_Source data_:
——————
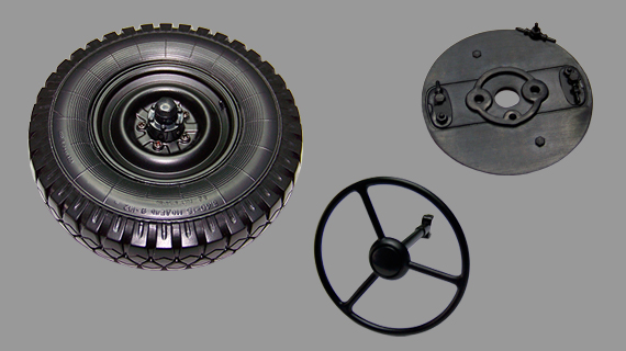Assemblage de la roue avant, pneu sur la jante, falque de frein avant et du volant de direction.
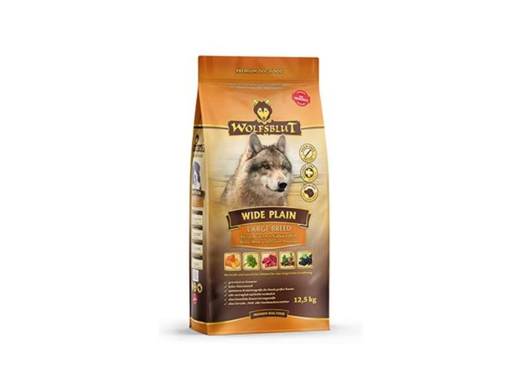 Vlci loví svou kořist ve Skalistých horách Severní Ameriky, arktické tundře, v horách a lesích Evropy a dokonce i v pouštích a stepích střední Asie. To jim poskytuje maso a vnitřnosti bohaté na živiny, ale také zeleninu, ovoce, bobule, kořeny a bylinky prostřednictvím obsahu žaludku kořisti. Obilí zde není zahrnuto. Vlk tak dostává potřebné vitamíny, minerály, stopové prvky, enzymy a druhotné rostlinné látky. Vzhledem k tomu, že vlk je předkem všech psů, naše suché krmivo pro psy Wolfsblut je založeno na přirozených stravovacích návycích vlka. Obsahuje hodně masa nebo ryb v kombinaci se superpotravinami, které obsahují hodnotné ingredience – stejně jako v přírodě, bez obilovin. Náš výběr výjimečných mas a superpotravin bohatých na živiny je založen na vlčím prostředí a jeho rozmanité stravě. Wolfsblut nabízí každému psovi druhově vhodnou a přirozenou stravu a díky rozmanitosti odrůd si každý něco toleruje. Receptura suchého krmiva WIDE PLAIN LARGE BREED kombinuje stravu vlka s nejnovějšími vědeckými poznatky o správné výživě psů.
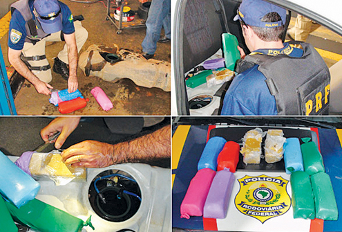 O automóvel foi parado por agentes da PRF na saída de Guaíra, oeste do Estado, para uma fiscalização de rotina. A estrada é muito utilizada por traficantes para o transporte de drogas e mercadorias ilegais. Após revista realizada no veículo, foram encontrados 10 quilos da droga escondidas no interior do tanque de combustível.
——————
_The problem_:
Type the listing above out again exactly, and omit all pictures.

_Exercise answer_:
Assemblage de la roue avant, pneu sur la jante, falque de frein avant et du volant de direction.
 Vlci loví svou kořist ve Skalistých horách Severní Ameriky, arktické tundře, v horách a lesích Evropy a dokonce i v pouštích a stepích střední Asie. To jim poskytuje maso a vnitřnosti bohaté na živiny, ale také zeleninu, ovoce, bobule, kořeny a bylinky prostřednictvím obsahu žaludku kořisti. Obilí zde není zahrnuto. Vlk tak dostává potřebné vitamíny, minerály, stopové prvky, enzymy a druhotné rostlinné látky. Vzhledem k tomu, že vlk je předkem všech psů, naše suché krmivo pro psy Wolfsblut je založeno na přirozených stravovacích návycích vlka. Obsahuje hodně masa nebo ryb v kombinaci se superpotravinami, které obsahují hodnotné ingredience – stejně jako v přírodě, bez obilovin. Náš výběr výjimečných mas a superpotravin bohatých na živiny je založen na vlčím prostředí a jeho rozmanité stravě. Wolfsblut nabízí každému psovi druhově vhodnou a přirozenou stravu a díky rozmanitosti odrůd si každý něco toleruje. Receptura suchého krmiva WIDE PLAIN LARGE BREED kombinuje stravu vlka s nejnovějšími vědeckými poznatky o správné výživě psů.
 O automóvel foi parado por agentes da PRF na saída de Guaíra, oeste do Estado, para uma fiscalização de rotina. A estrada é muito utilizada por traficantes para o transporte de drogas e mercadorias ilegais. Após revista realizada no veículo, foram encontrados 10 quilos da droga escondidas no interior do tanque de combustível.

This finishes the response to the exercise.